Illustre Direttore: sento dire, e leggo, che secondo il Premier Monti gli stranieri sarebbero disincentivati ad investire in Italia, in estrema sintesi, per via dell’art. 18 dello Statuto dei Lavoratori. Ebbene non lo condivido. Ciò che disincentiva gli stranieri è principalmente il nostro sistema giudiziario ed in particolare l’estrema aleatorietà delle sentenze emesse dai nostri giudici civili al termine di procedimenti durati anni. Al riguardo un collega britannico una volta ebbe a dirmi: In Italia è facile fare i processi, basta pagare un modesto fondo spese ai colleghi italiani così, come giocare una lotteria, poi non resta che aspettare qualche anno e alla fine qualcuno vince!
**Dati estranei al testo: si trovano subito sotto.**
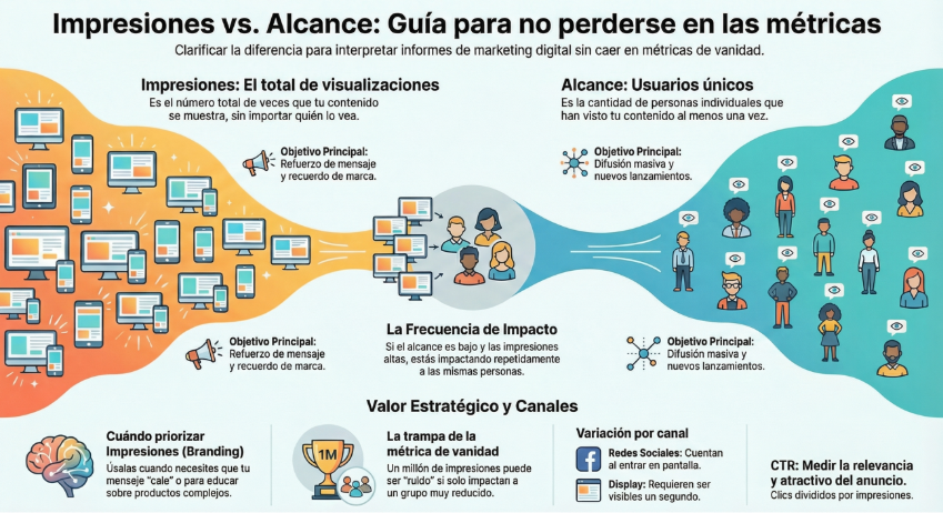 Como consultor digital con más de 10 años de experiencia, siempre digo lo mismo: las impresiones son el combustible, pero no son el destino. Sirven para alimentar el resto del embudo de ventas. Si te obsesionas solo con ellas, estarás tirando el dinero en «ruido» digital.
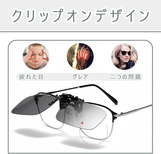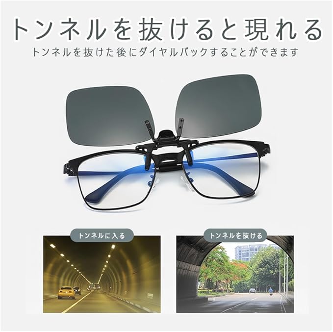 【クリップオンデザイン】ワンクリックでメガネに装着でき、フリップオン(クリップオン)なので、トンネルなどの暗い場所に入るときにも外す必要がありません。軽量で耐久性に優れた素材を使用しています。長時間着用しても顔に過度の負担がかかりません。

Sul punto esiste un recente studio della Banca d’Italia secondo il quale addirittura il 46per cento delle sentenze civili di primo grado impugnate vengono riformate in appello. Occorre però ricordare che la stragrande maggioranza delle sentenze di primo grado non viene appellata in molti casi per l’estrema sfiducia nel sistema giudiziario degli utenti (a Bologna un giudizio di appello, che si celebra normalmente in due udienze, dura circa sette anni!). Va da sé che per l’art. 18 non è diverso. In sé considerato andrebbe benissimo così com’è, è l’applicazione che ne hanno fatto, e ne fanno, i Giudici che lo hanno reso famigerato (la statistica che sento citare in questi giorni secondo cui il reintegro viene disposto “solo” nel 50per cento dei casi – e comunque dici poco! - è, a mio avviso, irrealistica). Si abbia il coraggio di cominciare riformando la Giustizia e il resto, sviluppo economico compreso, verrà da solo.